Virtzilla issues new version of vRealize Automation at VMworld Europe

VMware CEO Pat Gelsinger insists the Dell cash deluge and changed ownership structure changes nothing for the company, and Virtzilla's certainly carrying on with automation as usual at its VMworld Europe gabfest in Barcelona this week.

The headline announcement at the event is a refresh for the company's cloud management software. vvRealize Automation and vRealize Business Standard both hit version seven.

The jargon we'll be hearing about these products from now on is “unified service blueprint”, aka a way to model infrastructure services, plus applications and security services, across on-prem kit and public clouds. The idea here is that if you can model an environment, you can play with it in test and dev. Which makes DevOps folk happy.

The new release plays nice with every cloud and hypervisor that matters (except Xen), so you can model all sorts of architectures and then do the “spawn this now!” thang as the whim takes you.

vRealize Business Standard gains better price forecasting across, again, all the clouds that matter.

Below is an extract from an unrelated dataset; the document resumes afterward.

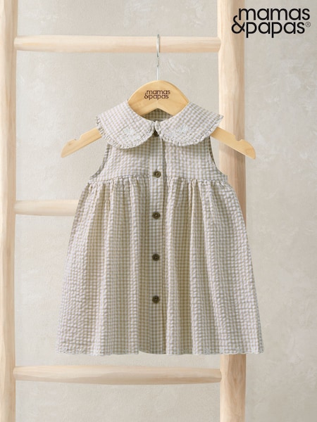 Mamas & Papas Pink Gingham Embroidered Dress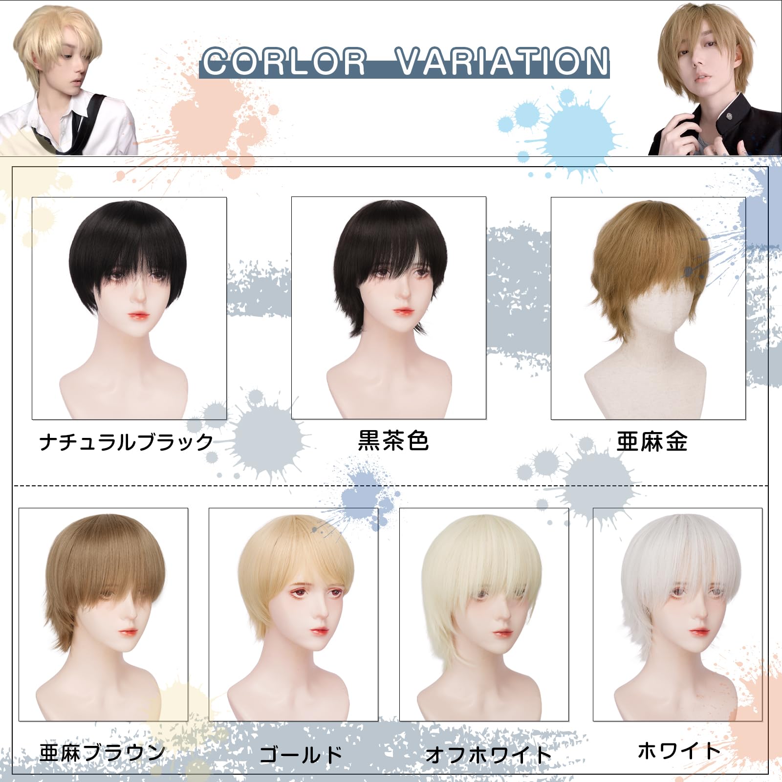 BARSDAR メンズ ウィッグ ショート かつら 男装 黒 男性 フルウィッグ 原宿 イケメン ハンサム 自然 小顔 耐熱 人気 ファッション イメチェン 男女兼用 cosplay 日常 ネット/櫛付き ホワイト

VMware sees management and automation tools as its ticket out of server virtualisation. The company reckons that server consolidation did great things for IT, by increasing utilisation rates for hardware and therefore helping to control IT spend. Now it wants to speed up application deployments, on the premise that infrastructure is all very well but its code that actually gets stuff done for businesses, so businesses will appreciate sped of deployment.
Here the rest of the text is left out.